# Work Hours?



## adayinthelife (Jul 19, 2006)

I've been reading a lot about the long hours of a Pastry Chef on this fourm and I was wondering what the typical day/week was like for those in the business (any type of job)?


----------



## foodpump (Oct 10, 2005)

Flexible.

A slough of banquets on the weekend? Work till the prep is done, then work some more plating on the evenings of those events.

Reg. restaurant gig? Work from maybe 2 till close, dessert's always the last to go anyway. If you're the new guy, don't expect to get the plum shifts....


----------



## oldschool1982 (Jun 27, 2006)

As the Exec. I would hit the door around 6:30 am, assign prep lists, prep specials and regular prep items, preset line for lunch, clean coolers of old product, several QC checks, motivate staff, fill in for missing staff, receive orders, place orders, run wheel expo or cook lunch shift, prep for dinner, reset line for dinner, wash dishes, check out cooks/prep staff, finish prep work or assign work to evening staff, receive more orders, complete menu revisions, special sheets for dinner, run station or wheel/expo for dinner shift wash more dishes, assign closing duties for cooks, work station of cook that called off, help close kitchen to save labor, check remaining cooks out, finish any relevant paperwork for the evening, leave building around 11pm or midnight. Start same routine with minor changes the next morning.

This is really just a brief overview. There are many nuances involved but it does make for a full day. 
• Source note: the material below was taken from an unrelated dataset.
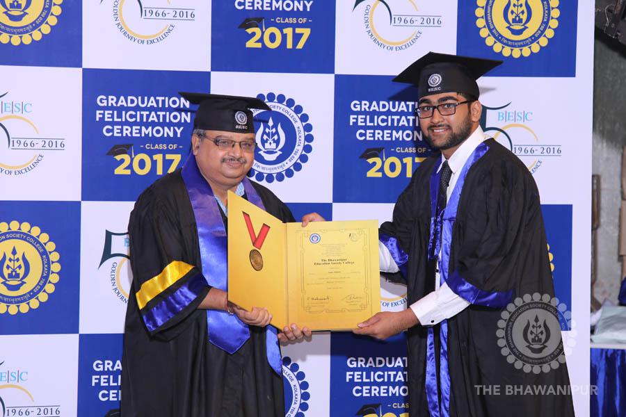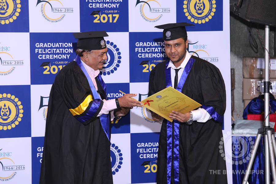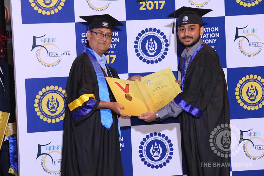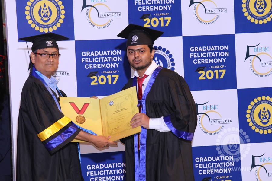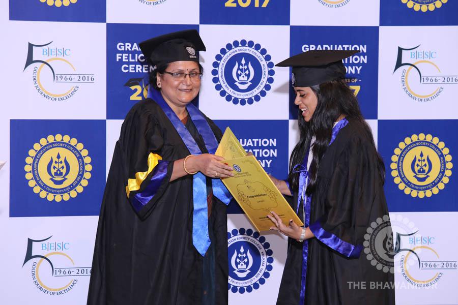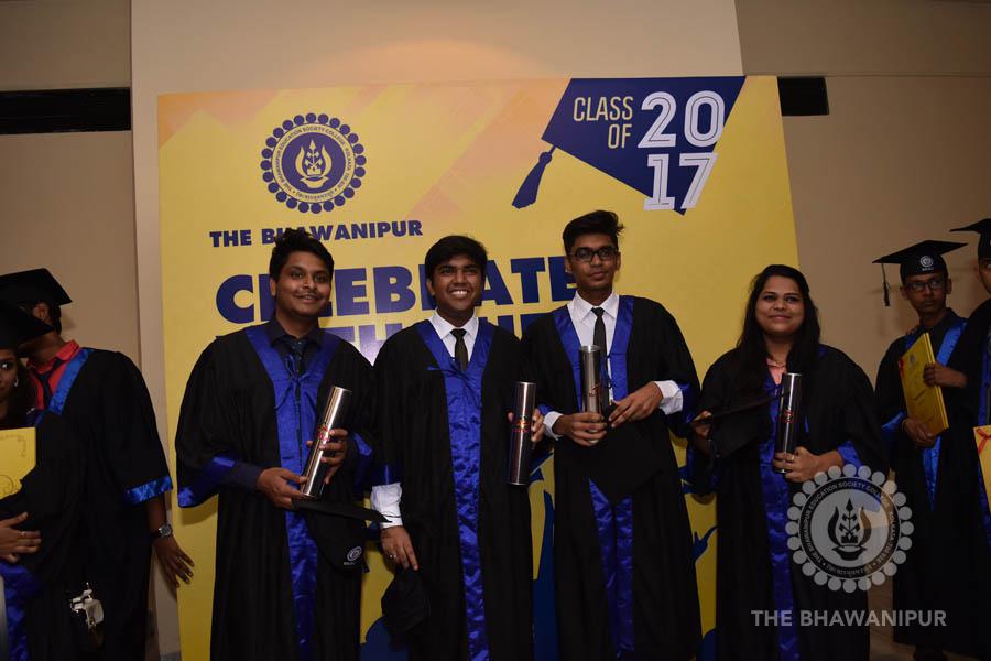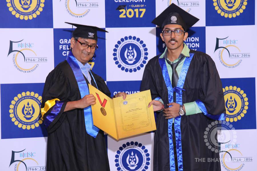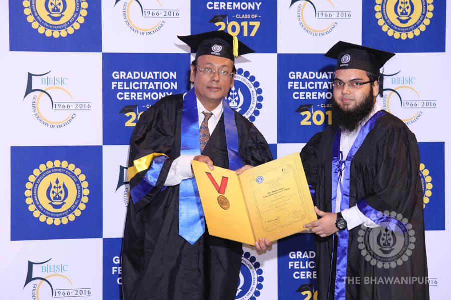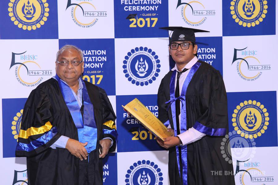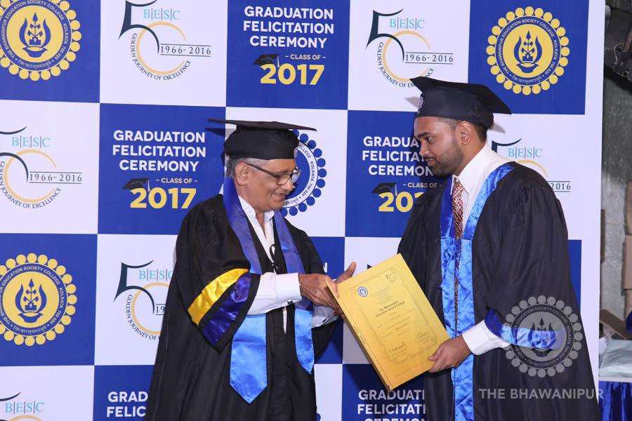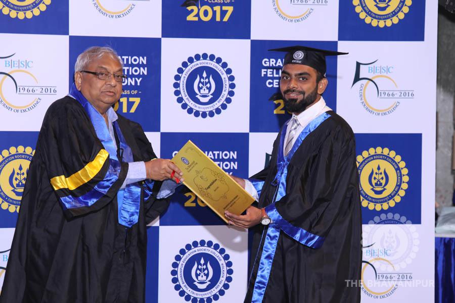 Gurudev Rabindra Nath Tagore’s immortal lines “Where the Mind is without Fear” played in the background as the Convocation procession – comprising of the Chairman of the Bhawanipur Education Society College, Champak Bhai Doshi; the Chief Guest Chetan Bhagat; the Vice Chairman Miraj D Shah; the Director General Prof Suman K Mukherjee; the Dean of Student Affairs Prof Dilip Shah; the Rector; the Teacher in Charge and senior members of the faculty moved on stage in full ceremonial regalia. The Guests were welcomed and the Ceremonial Lamp of Knowledge ignited to formally begin the proceedings of the solemn occasion – the Convocation of the Class of 2017.

When I did Pastry Chef duties, I was usually in the door by 4:30am since breads were baked as well as desserts and Ice Creams prepared. Usually out the door by 5-6pm unless there was a special function.

Gotta Love It!!!!

BTW It wasn't like that every day infact sometimes I was able to get out by 8 pm but it was not very often especially if you're working for the smaller places with less budget to work with.


----------



## adayinthelife (Jul 19, 2006)

Thanks for the replies :roll: . So, I guess it pretty much depends on the job, huh?


----------



## jessiquina (Nov 4, 2005)

i know this is a lame answer. but if you love doing pastries , your work hours dont matter.


----------



## erik (Jan 23, 2006)

Agreed. 

Would you rather do something you loved 60 hours a week or something your hated for 40?


----------



## aprilb (Feb 4, 2006)

Time flys when you're having fun. 

I had so many problems with my former employers about working long hours. Somehow the general consensus in the kitchen was do your job and clock out the instant you can. 

I guess I'm just weird.

:crazy: 

April


----------



## panini (Jul 28, 2001)

I have to agree with Jessiquina, I only count hours if it is somethime I really don't enjoy doing. ie payroll,bookeeping, taxes! etc. So I guess I work about 15-20 hrs a week:bounce:


----------